*Supplied records:*
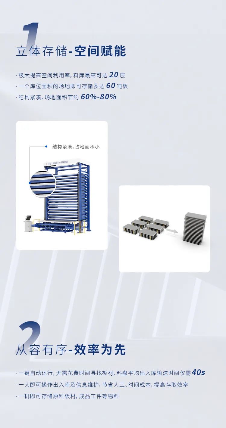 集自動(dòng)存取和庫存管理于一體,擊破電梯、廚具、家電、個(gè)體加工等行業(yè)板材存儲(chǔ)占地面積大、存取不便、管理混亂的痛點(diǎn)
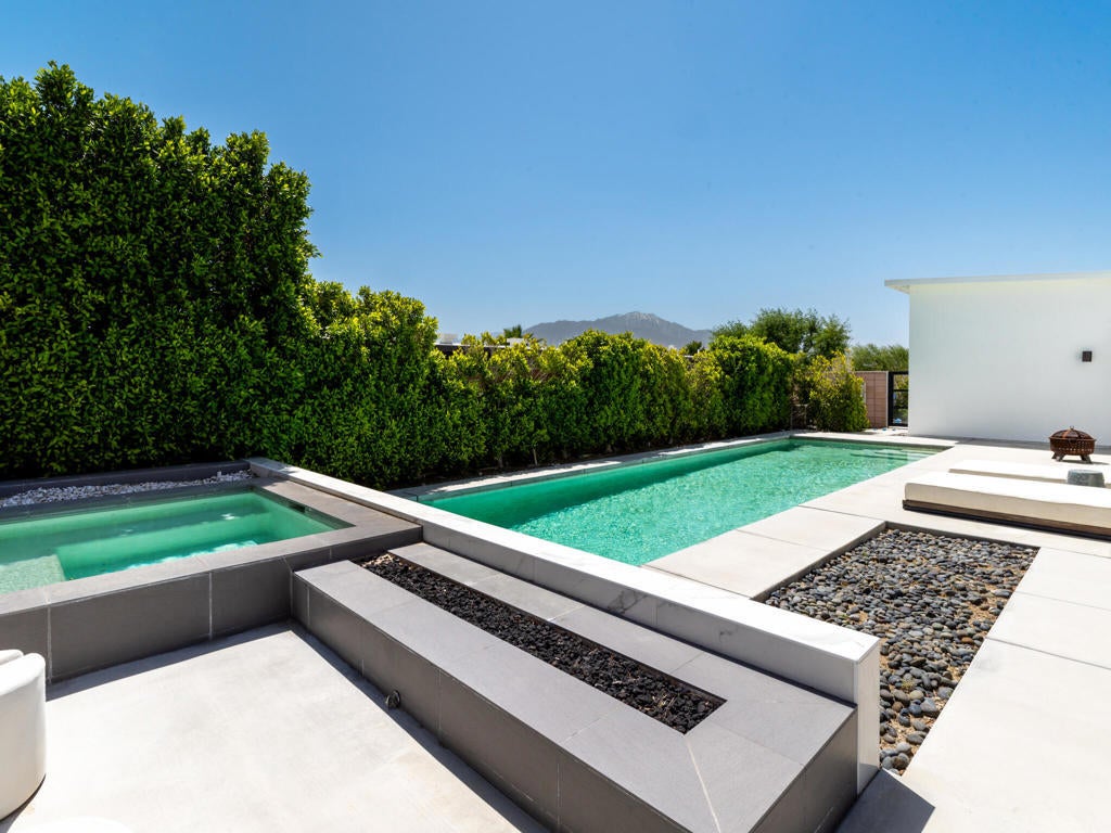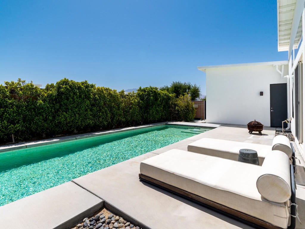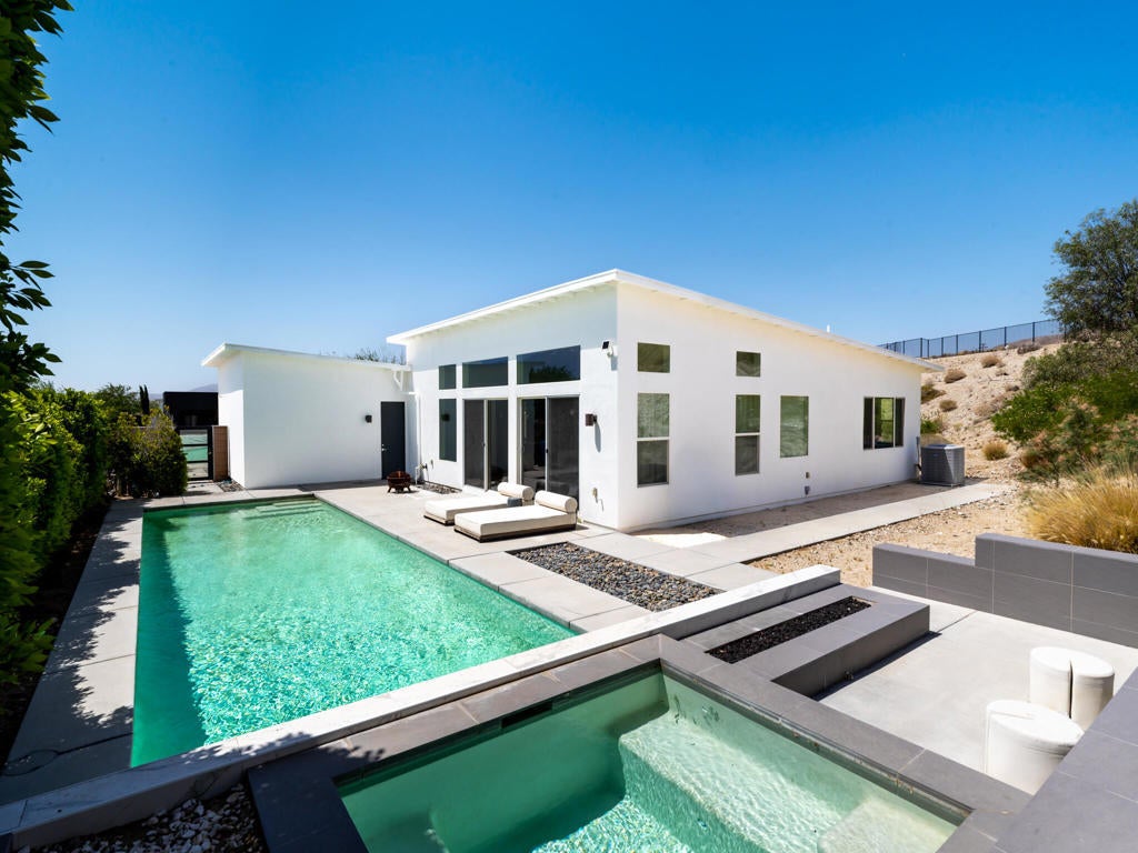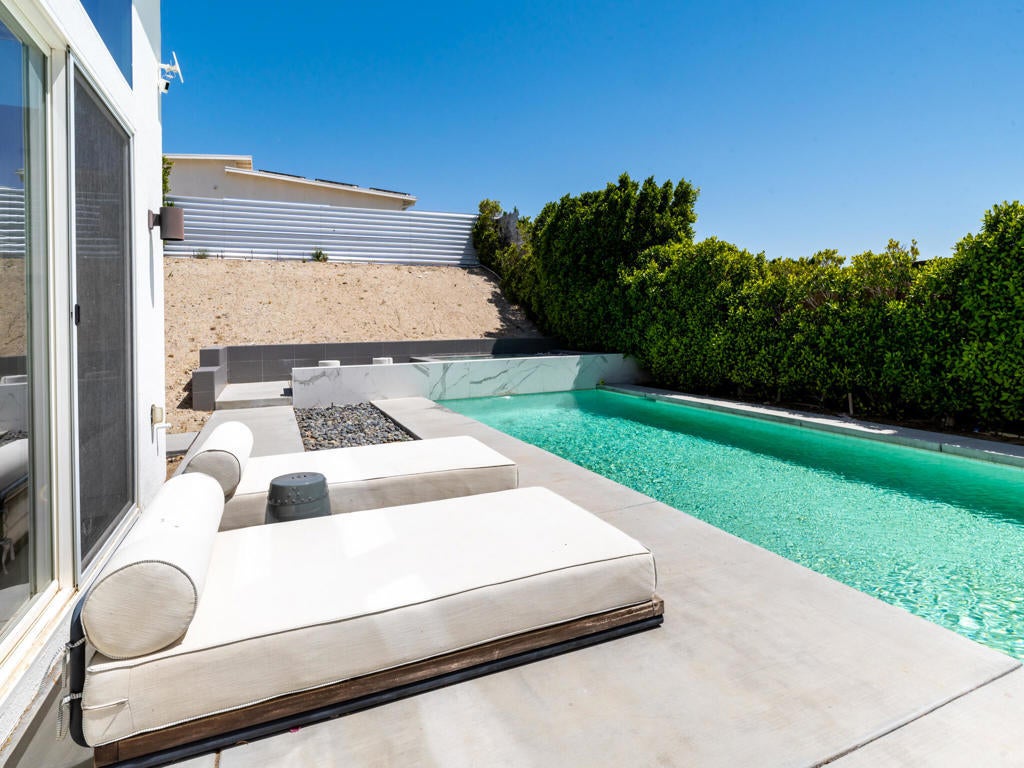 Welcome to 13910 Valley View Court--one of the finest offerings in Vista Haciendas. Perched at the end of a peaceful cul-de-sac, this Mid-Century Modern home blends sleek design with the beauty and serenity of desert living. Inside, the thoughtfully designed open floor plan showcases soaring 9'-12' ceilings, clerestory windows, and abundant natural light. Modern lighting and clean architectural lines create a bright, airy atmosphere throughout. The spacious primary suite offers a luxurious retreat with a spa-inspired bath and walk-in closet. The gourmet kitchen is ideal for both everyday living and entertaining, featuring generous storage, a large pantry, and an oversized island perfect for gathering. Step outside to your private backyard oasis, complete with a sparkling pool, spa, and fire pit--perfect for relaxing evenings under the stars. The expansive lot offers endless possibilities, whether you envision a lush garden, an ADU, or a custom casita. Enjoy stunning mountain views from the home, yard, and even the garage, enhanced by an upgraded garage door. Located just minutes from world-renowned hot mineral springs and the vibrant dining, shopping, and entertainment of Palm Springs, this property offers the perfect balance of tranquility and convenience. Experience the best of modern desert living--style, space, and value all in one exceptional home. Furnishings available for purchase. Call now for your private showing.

---

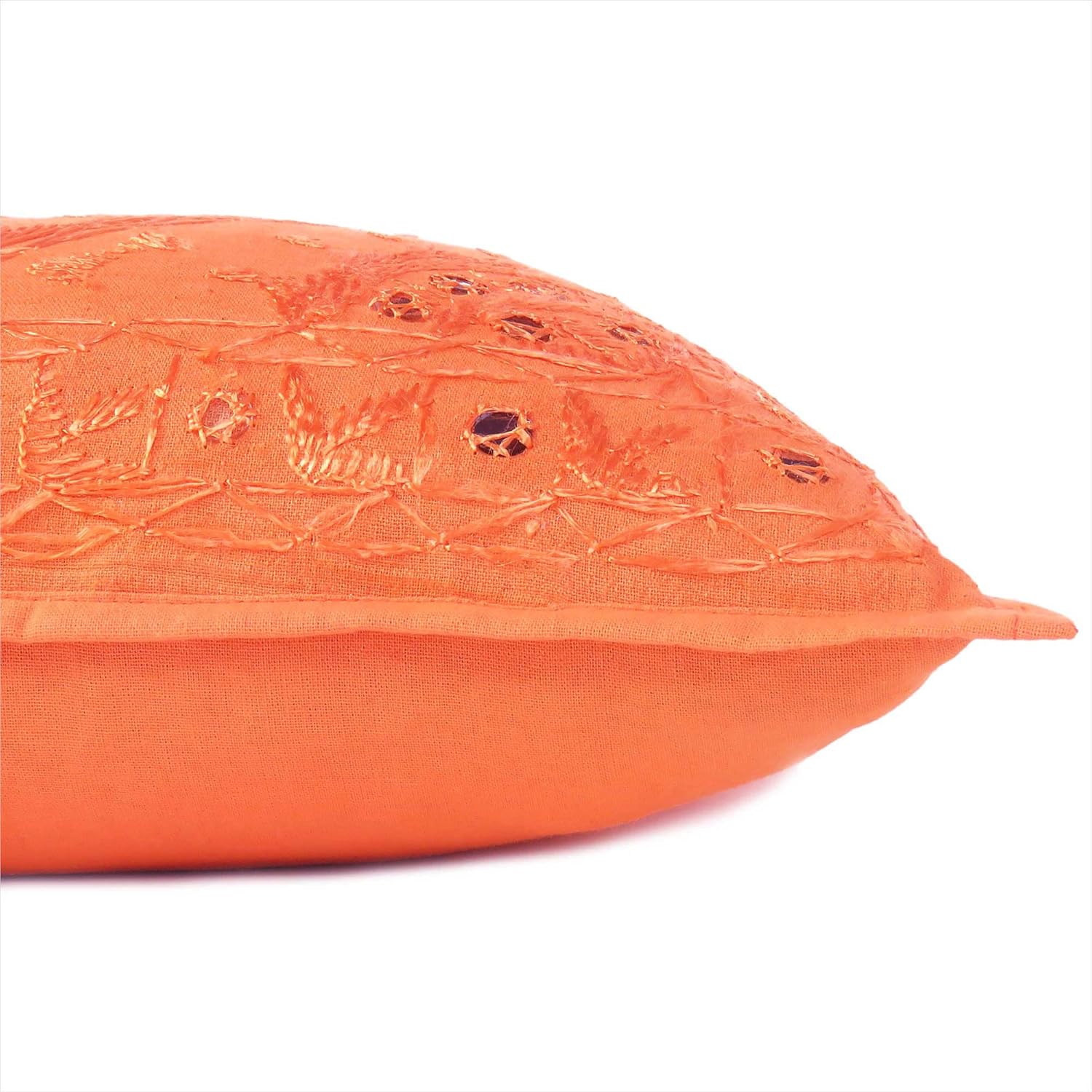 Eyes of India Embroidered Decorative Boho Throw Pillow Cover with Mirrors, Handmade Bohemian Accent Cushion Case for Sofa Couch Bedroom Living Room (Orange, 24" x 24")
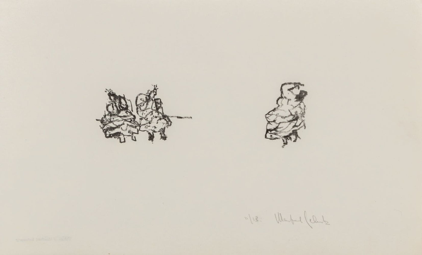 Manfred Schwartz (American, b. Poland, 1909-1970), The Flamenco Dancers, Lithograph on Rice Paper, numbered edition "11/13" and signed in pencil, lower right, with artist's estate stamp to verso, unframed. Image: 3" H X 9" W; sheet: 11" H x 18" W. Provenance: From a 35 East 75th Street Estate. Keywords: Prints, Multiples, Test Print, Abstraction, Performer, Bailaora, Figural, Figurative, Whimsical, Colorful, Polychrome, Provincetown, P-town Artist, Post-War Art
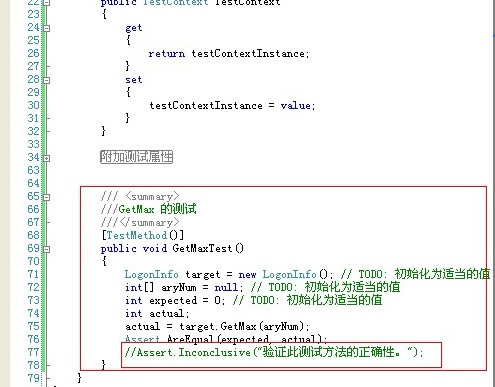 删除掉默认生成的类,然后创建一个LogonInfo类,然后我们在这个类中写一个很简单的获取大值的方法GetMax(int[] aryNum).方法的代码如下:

*What you need to do:*
Repeat exactly the lines above, beginning at the one containing "Manfred Schwartz (American, b." and ending at the one containing "删除掉默认生成的类,然后创建". Do not carry over any pictures.

*Answer to the exercise:*
 Manfred Schwartz (American, b. Poland, 1909-1970), The Flamenco Dancers, Lithograph on Rice Paper, numbered edition "11/13" and signed in pencil, lower right, with artist's estate stamp to verso, unframed. Image: 3" H X 9" W; sheet: 11" H x 18" W. Provenance: From a 35 East 75th Street Estate. Keywords: Prints, Multiples, Test Print, Abstraction, Performer, Bailaora, Figural, Figurative, Whimsical, Colorful, Polychrome, Provincetown, P-town Artist, Post-War Art
 删除掉默认生成的类,然后创建一个LogonInfo类,然后我们在这个类中写一个很简单的获取大值的方法GetMax(int[] aryNum).方法的代码如下:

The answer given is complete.